**What needs to be done**
Give again only the lines from the line that holds "Så er Melstedgårdsæsonen" to the end of the data, inclusive, omitting all pictures.

**Information provided**
* * *

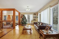 Set in a PRIME LOCATION just minutes from Calgary and close to excellent schools, this exceptional family home offers space, privacy, and a lifestyle that’s increasingly hard to find. With over 4,550 square feet of fully developed living space, this property is designed to accommodate large or growing families, multi-generational living, and memorable entertaining. The home features five generously sized bedrooms, including a huge, primary suite complete with patio doors leading to a large west-facing balcony—the perfect spot to unwind and enjoy evening sunsets. Two fireplaces—one wood-burning and one natural gas—add warmth and character throughout the home. At the heart of the home is a magnificent SUNKEN GREAT ROOM spanning approximately 525 square feet, luxuriously carpeted and rich wood accents. This impressive space with its COZY FIREPLACE is ideal for hosting family gatherings, celebrations, or simply enjoying everyday living on a grand scale. The access to the back patio makes this space perfect for entertaining inside and out. The updated kitchen features granite countertops, a BEAUTIFUL CERAMIC-TILED floor, and updated appliances - perfect for large gatherings or simple family meals. Hardwood, ceramic tile, and carpeted flooring throughout provide both durability and comfort. The fully developed basement includes a summer kitchen, offering excellent flexibility for extended family, guests, or entertaining and a huge rec room for games, workouts or an extra bedroom. Outside, the acreage setting truly sets this property apart. A large, level grassed area offers space for a private soccer pitch or multi-sport play, while the wooded eastern portion of the property adds privacy and a natural buffer. Wildlife—including deer, moose, and a wide variety of birds—are frequent visitors, creating a peaceful, nature-rich environment. Additional highlights include an under-drive double garage, paved road access to the driveway, and a quiet, private setting that still offers easy access to Calgary and nearby amenities. An outstanding opportunity to enjoy acreage living without sacrificing space, comfort, or convenience—this is a home built for family, entertaining, and lasting memories.
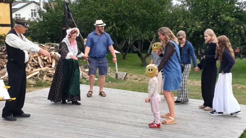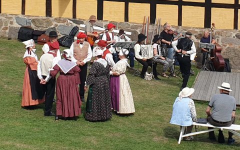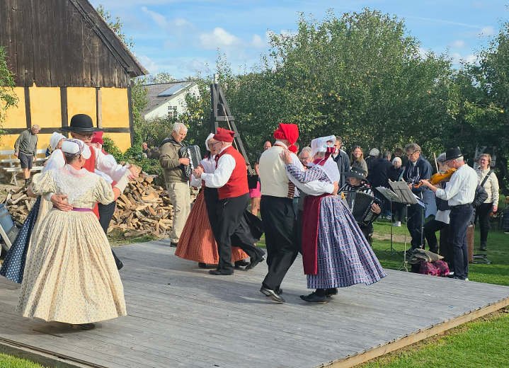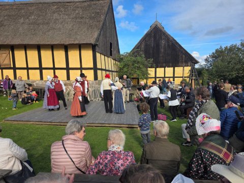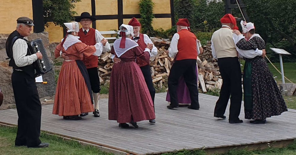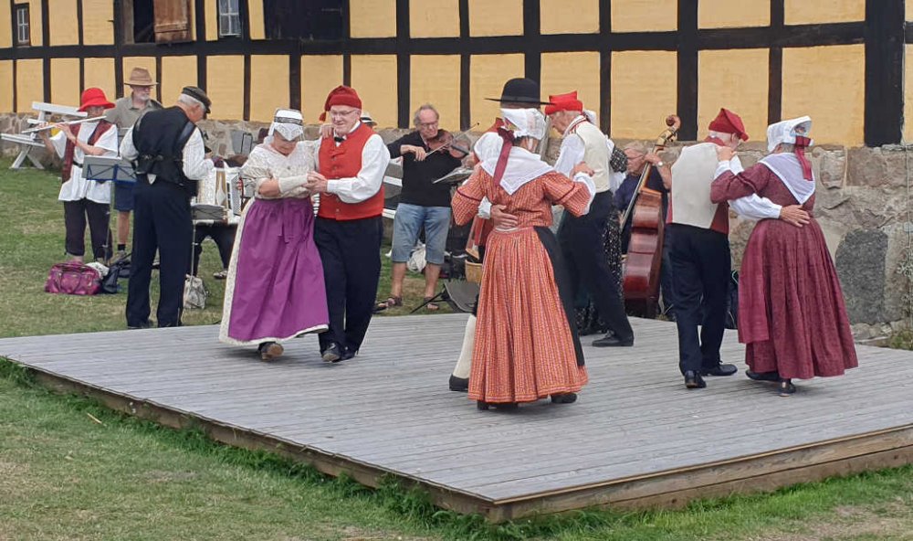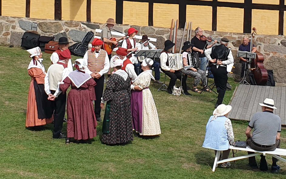 Så er Melstedgårdsæsonen skudt i gang for Bornholms Folkedansere og Folk og Fæ. Det var godt vejr for det. Der var ikke så mange gæster på museet i dag, men de dannede et lille publikum for os, og der var flere hist og pist på afstand som lyttede og kiggede.
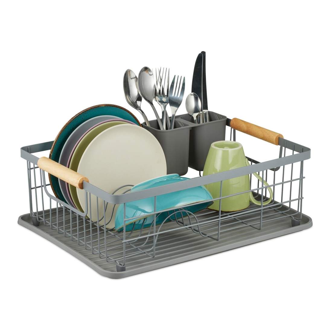 Relaxdays Dräneringsställ rostfritt stål med droppbricka och bestickfack 39,5 x 30,3 x 12,5 cm för tallrikar, bestick, glas, porslin diskstä
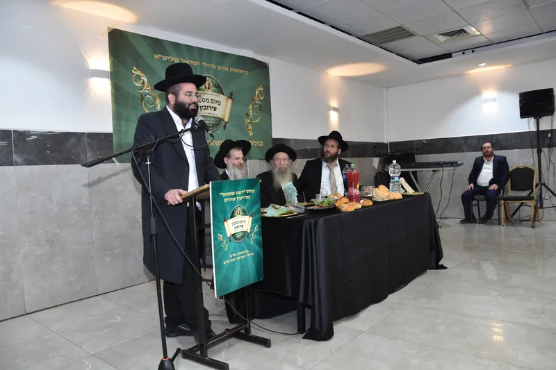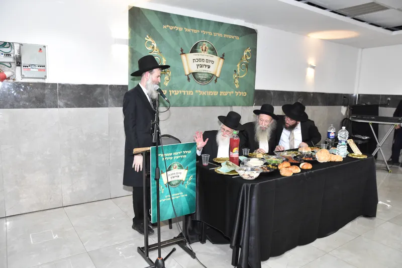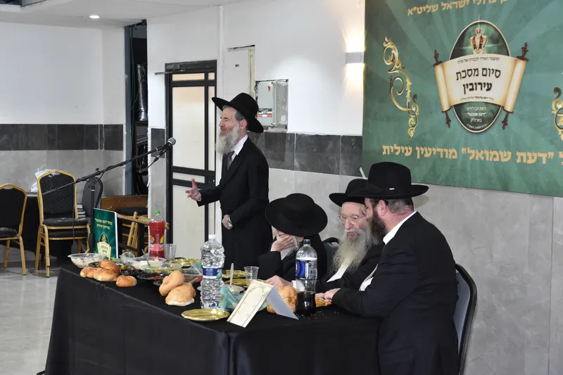 מעמד כבודה של תורה בסיום מסכת עירובין ע"י כולל 'דעת אלימלך' במודיעין עילית שע"י רשת הכוללים 'דעת שמואל' בהשתתפות מאות האברכים וראש הכולל הרב יעקב סלבוטיצקי יחד עם ראש רשת הכוללים הרב מרדכי דינר.
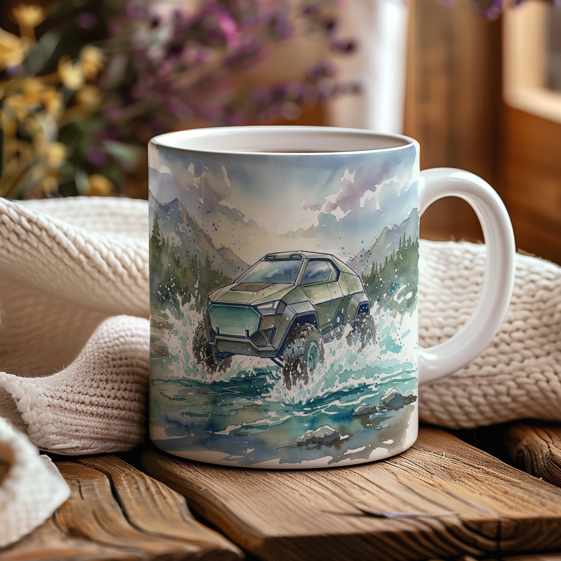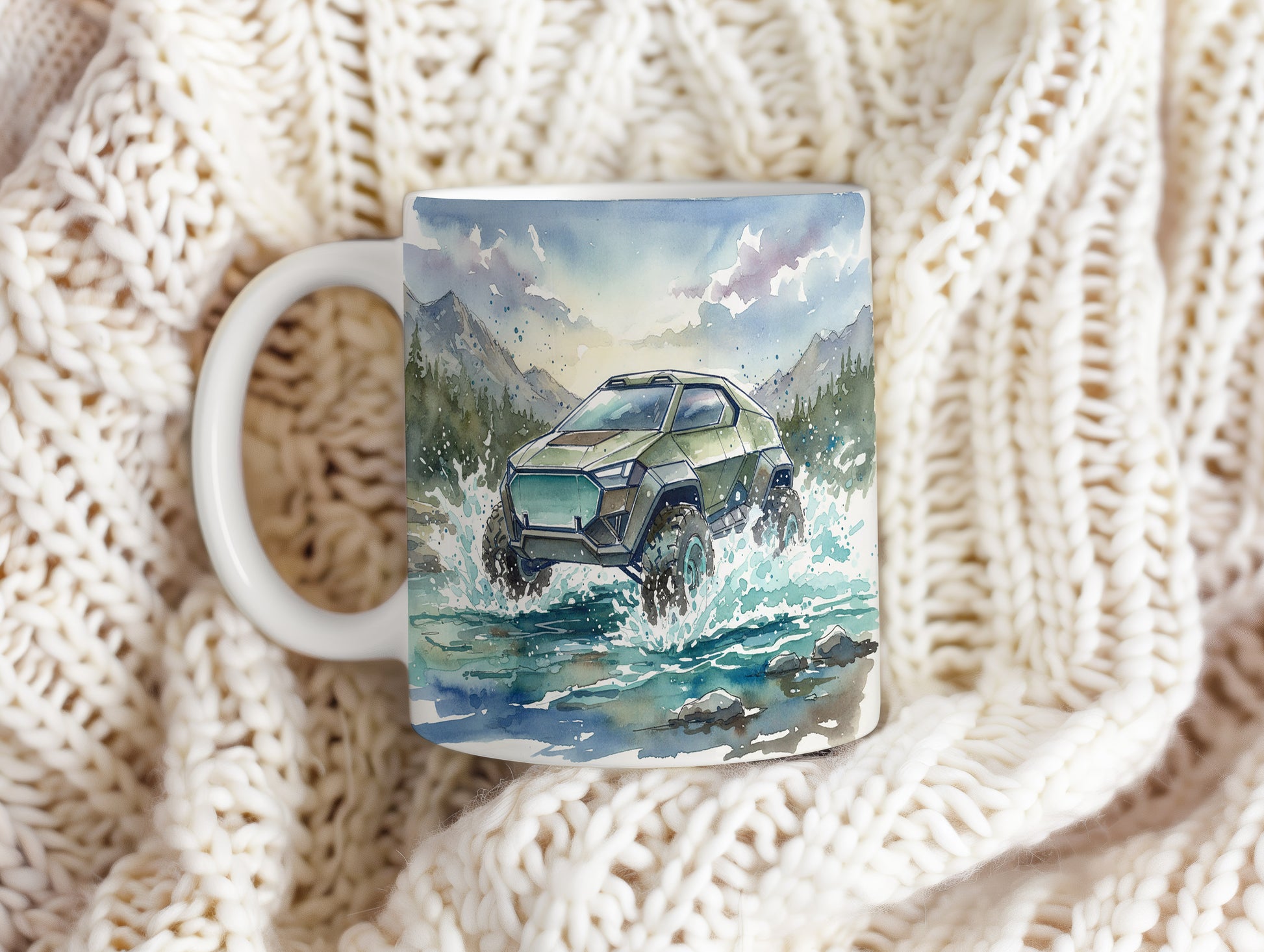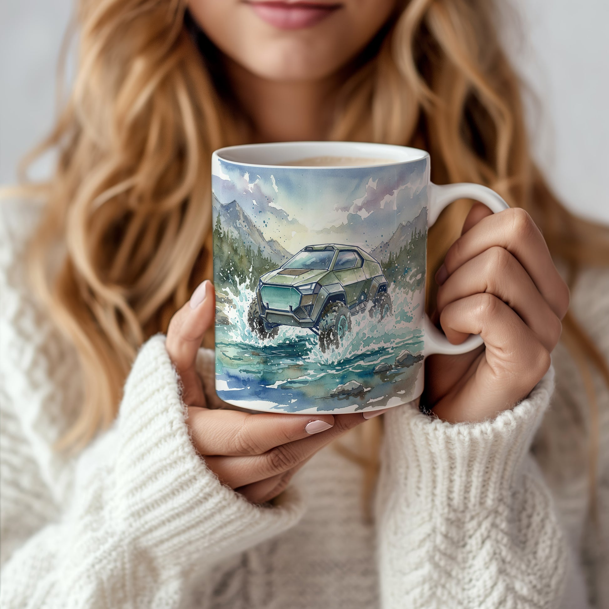 Objevte dobrodružství s hrnkem, na kterém je akvarelový motiv terénního vozu překonávajícího divokou řeku. Ideální pro milovníky off-road zážitků. Hrnek 330 ml – vhodný do myčky i mikrovlnky.

* * *

**Your solution**
 Så er Melstedgårdsæsonen skudt i gang for Bornholms Folkedansere og Folk og Fæ. Det var godt vejr for det. Der var ikke så mange gæster på museet i dag, men de dannede et lille publikum for os, og der var flere hist og pist på afstand som lyttede og kiggede.
 Relaxdays Dräneringsställ rostfritt stål med droppbricka och bestickfack 39,5 x 30,3 x 12,5 cm för tallrikar, bestick, glas, porslin diskstä
 מעמד כבודה של תורה בסיום מסכת עירובין ע"י כולל 'דעת אלימלך' במודיעין עילית שע"י רשת הכוללים 'דעת שמואל' בהשתתפות מאות האברכים וראש הכולל הרב יעקב סלבוטיצקי יחד עם ראש רשת הכוללים הרב מרדכי דינר.
 Objevte dobrodružství s hrnkem, na kterém je akvarelový motiv terénního vozu překonávajícího divokou řeku. Ideální pro milovníky off-road zážitků. Hrnek 330 ml – vhodný do myčky i mikrovlnky.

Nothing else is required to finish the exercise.